Prescott acknowledged that he hadn’t fully processed the situation but suggested that Jones, 80, had grown as a person since the incident and does deserve grace.
“It’s 65 years ago and how times have changed,” Prescott said. “I mean, look at the man’s resume since then, right? And as I said, I give grace.”
The photo resurfaced last week in the Washington Post. Jones confirmed to the Post that it was him in the photo standing near the back of the crowd of white male students at North Little Rock High School in Arkansas on Sept. 9, 1957. The group was attempting to stop Black students from desegregating their school and succeeded in blocking their entrance.
Jones has characterized his role in the incident as that of a curious observer.
“That was, gosh, 65 years ago, and curious kid, I didn’t know at the time the monumental event that was going on,” Jones told reporters last week. “I’m sure glad that we’re a long way from that. I am. That would remind me: just continue to do everything we can to not have those kinds of things happen.”
When speaking to the Post about the segregated society in which he lived as a child, Jones said: “I’ve often asked: ‘Why didn’t you do more? Why didn’t you get up and have them come up on the bus and sit rather than standing back there? Why didn’t you do more?’ ”
LeBron James brought the Jones photo back into the national spotlight during his news conference following the Lakers’ 123-109 win over Portland on Wednesday night.
LeBron James has questions about the disparity of media scrutiny he believes is being applied to a 1957 photo of Jerry Jones and the recent controversy surrounding Kyrie Irving.

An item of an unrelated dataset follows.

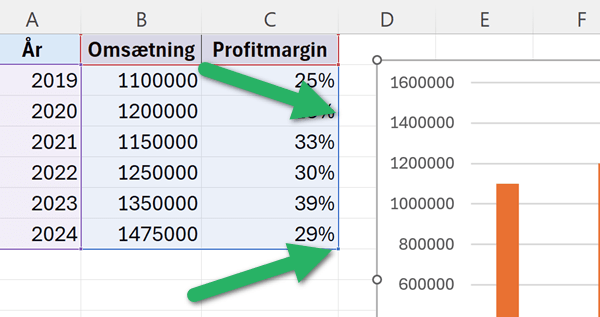 Trin 1: Udvid den data der er med i diagrammet, ved at markere diagrammet, og så trække de farvede områder ud til det nye data (profitmargin).

“I feel like as a Black man, as a Black athlete, someone with power and with a platform, when we do something wrong or something that people don’t agree with, it’s on every single tabloid, every single news coverage. It’s on the bottom ticker. It’s asked about every single day,” James said.
“But it seems like to me that the whole Jerry Jones situation, the photo, and I know it was years and years ago, and we all make mistakes, I get it. It seems like it’s just been buried under, like, ‘Oh, it happened. OK. We just move on.’ And I was just kind of disappointed that I haven’t received that question from you guys.”
James said he was asked by reporters about Kyrie Irving after his former Cleveland Cavaliers teammate posted a link to an antisemitic movie last month. At that time, James condemned hate speech of any kind, expressed his “love” for Irving and acknowledged the Brooklyn Nets guard had “caused some harm to a lot of people.”
Lakers star LeBron James said Kyrie Irving ‘caused some harm to a lot of people’ by promoting an antisemitic film and declining to rebuke antisemitism.
James told reporters Wednesday, “I was just kind of disappointed that I haven’t received that question from you guys” regarding Jones.
Prescott touched on the same topic while answering reporters’ questions about the Jones photo the next day.
“I think that’s a conversation and question not only for [Jones] but for you guys and how you all feel and how accountable you all have been in covering and discussing the disparities and differences in race.
“So, yeah, as I said, I’m here for growth and giving grace and trying to make this world a better place. That’s who I am at my core and what I believe in. And, yeah, unfortunate things come up from the past, pictures, and they show how far we’ve come, but in the same sense, they’re a reminder of how short of a time that was ago in the same sense. That wasn’t that long ago that we were all sitting on different sides, and that we weren’t together. But as I said, I wouldn’t be here if it were still that way. So, I believe in grace and change. Those are questions for Jerry and for you all, honestly, that I don’t have quite the answers for.”